Question

An open watertight railway wagon of mass \[5\times {{10}^{3}}\,kg\]coasts at an initial velocity of $1.2\,m/s$without friction on a railway track. Rain falls vertically downwards into the wagon. What change then occurred in the kinetic energy of the wagon, when it has collected ${{10}^{3}}\,kg$ water?
(A) $1200\,J$
(B) $300\,J$
(C) $600\,J$
(D) $900\,J$

Answer 1

Hint : In this question, we have the value of the mass of the wagon and its velocity along with a mass of water. We are required to find the change in kinetic energy of the wagon and in order to find that we will use the formula of momentum and kinetic energy.

Complete step by step answer:
Given:
 Mass of railway wagon $=5\times {{10}^{3}}\,kg$
 Initial velocity $=1.2\,m/s$
 Mass of water $={{10}^{3}}\,kg$
 Change in kinetic energy of the wagon $=\,?$
Since force in the horizontal direction$=0$,
 ${{P}_{i}}={{P}_{f}}\,\,\,.....(1)$
Where,
 ${{P}_{i}}=$ Initial momentum
 ${{P}_{f}}=$ Final momentum
Momentum is defined as the product of a system’s mass multiplied by its velocity,
 $P=m\times v$
Where,
 $P=$Momentum
 $m=$Mass
 $v=$Velocity
Initial momentum $({{P}_{i}})$ will be the sum of the momentum of the wagon and momentum of the water. Whereas, Final momentum will be equal to the sum of the mass of water and wagon multiplied by velocity.
Since the velocity of water is equal to 0,
Therefore,
 $(5\times {{10}^{3}}\times 1.2)+({{10}^{3}}\times 0)=(6\times {{10}^{3}})v$
 $6\times {{10}^{3}}=(6\times {{10}^{3}})v$
 $v=1\,m/s$
To find the change in kinetic energy, we will find the final and initial kinetic energy.
Final kinetic energy,
 ${{(KE)}_{f}}=\dfrac{1}{2}{{m}_{f}}v_{f}^{2}$
Where,
 ${{m}_{f}}=$ Final mass
 ${{v}_{f}}=$ Final velocity
 ${{(KE)}_{f}}=\dfrac{1}{2}(6\times {{10}^{3}}\times {{1}^{2}})$
 ${{(KE)}_{f}}=3000\,J$
Initial kinetic energy,
 ${{(KE)}_{i}}=\dfrac{1}{2}{{m}_{i}}v_{i}^{2}$
Where,
 ${{m}_{i}}=$Initial mass
 ${{v}_{i}}=$Initial velocity
 ${{(KE)}_{i}}=\dfrac{1}{2}(5\times {{10}^{3}}\times {{(1.2)}^{2}})$
 ${{(KE)}_{i}}=3600\,J$
As we know change in kinetic energy is:
 $\Delta KE={{(KE)}_{i}}-{{(KE)}_{f}}$
 $\Delta KE=3600-3000$
 $\Delta KE=600\,J$

So the change in kinetic energy of the wagon is 600 J. Hence option C is correct.

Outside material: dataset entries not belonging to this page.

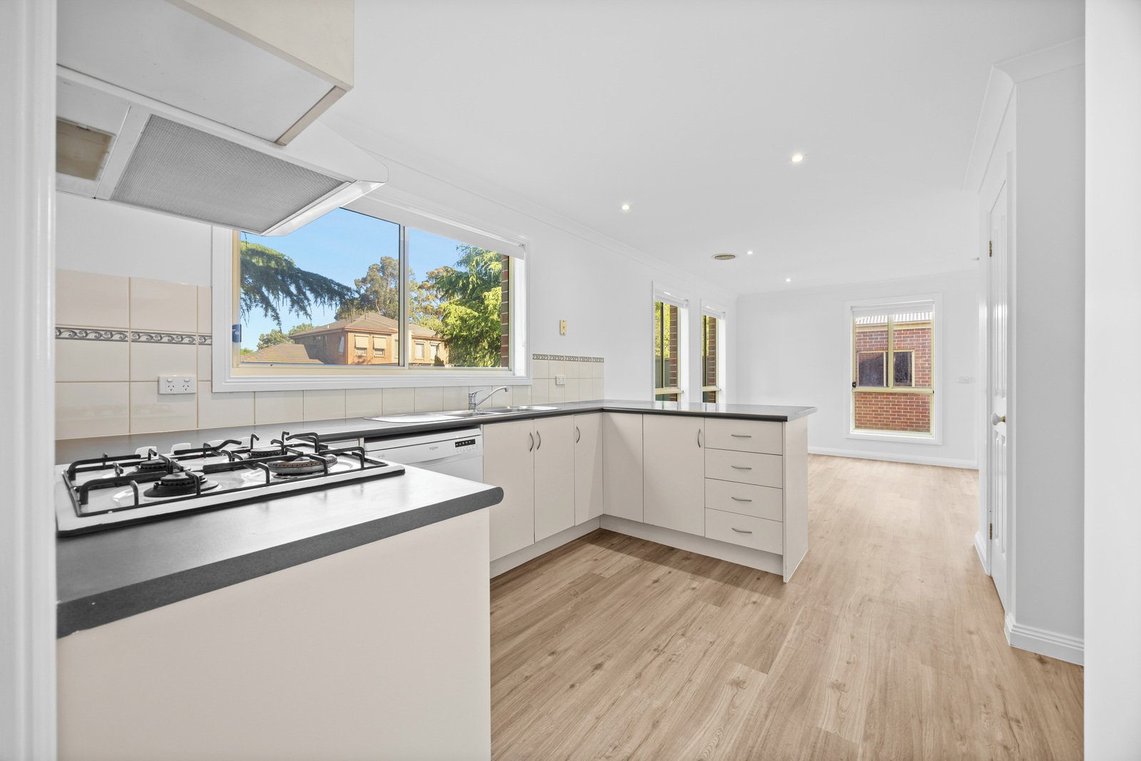 - Kitchen equipped with 600mm gas cooktop, oven, dishwasher, walk in pantry
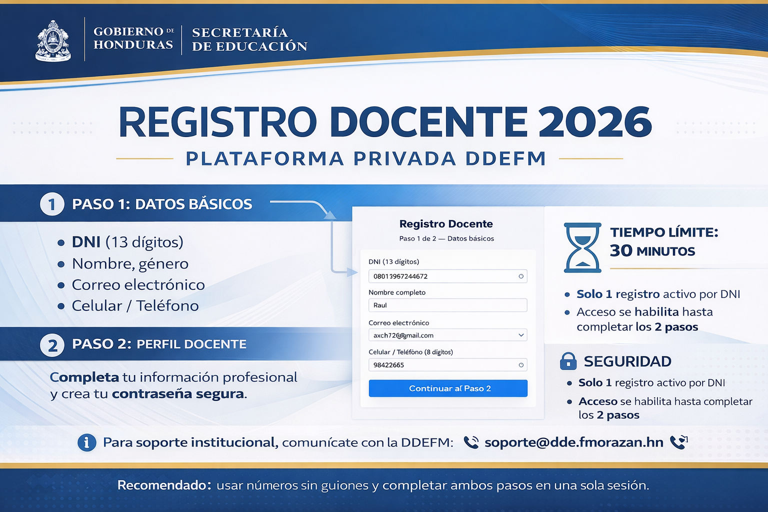 Leer másLa Dirección Departamental de Educación de Francisco Morazán (DDEFM) informa que ya se encuentra habilitado el proceso oficial de registro docente en...
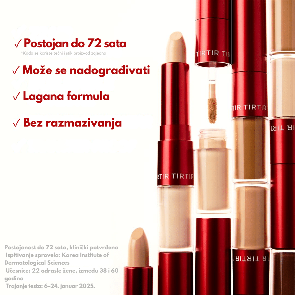 TIRTIR Glide & Hide Blurring Concealer #5C je dvostruki korektor koji kombinuje kremasti stick i lagani tečni korektor kako bi pružio prirodno, postepeno nadogradivo prekrivanje i svež izgled kože tokom celog dana. Ovaj korektor vizuelno umanjuje vidljivost pora i finih linija, dok ujednačava ton kože i pruža gladak, ujednačen finish bez osećaja težine. Tekstura se lako stapa sa kožom, idealna je za prekrivanje nepravilnosti, posvetljavanje podočnjaka i precizno konturisanje.
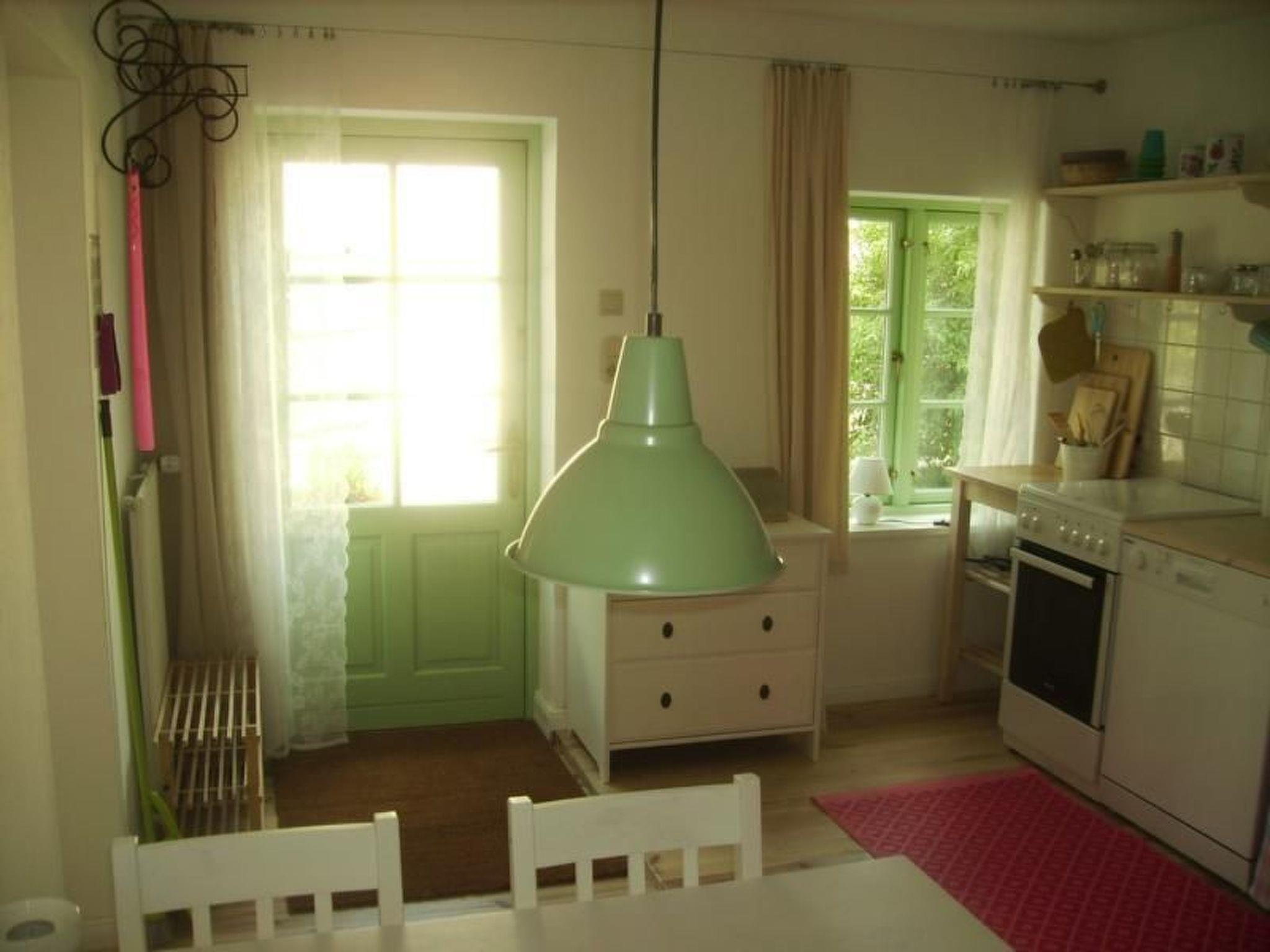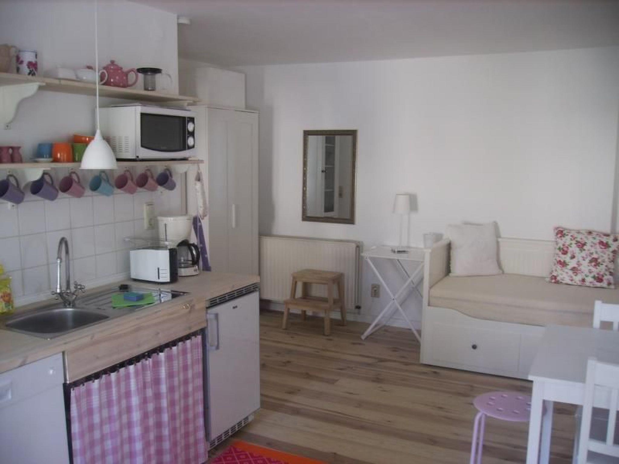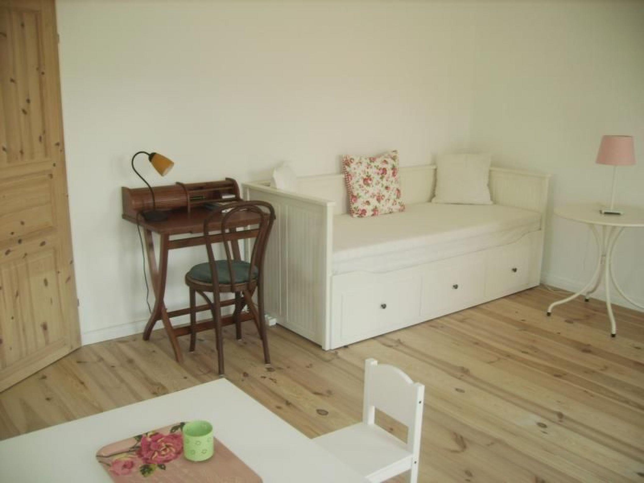 The 48m² studio on one floor has its own entrance and is designed in a modern country house style and is fitted with pine wood flooring. It has a light living and sleeping room with a quality double sofa bed, a kitchen-diner with a double sofa bed, a very well-equipped kitchen unit with a dishwasher and a bathroom with a shower, providing an atmospheric holiday home for up to four people. Satellite TV and wireless Internet access are available.

Note: In order to solve this kind of question we should have knowledge about momentum and kinetic energy. The change in the kinetic energy of an object is equal to the net work done on the object. This fact is referred to as the Work-Energy Principle and is often a very useful tool in mechanics problem-solving.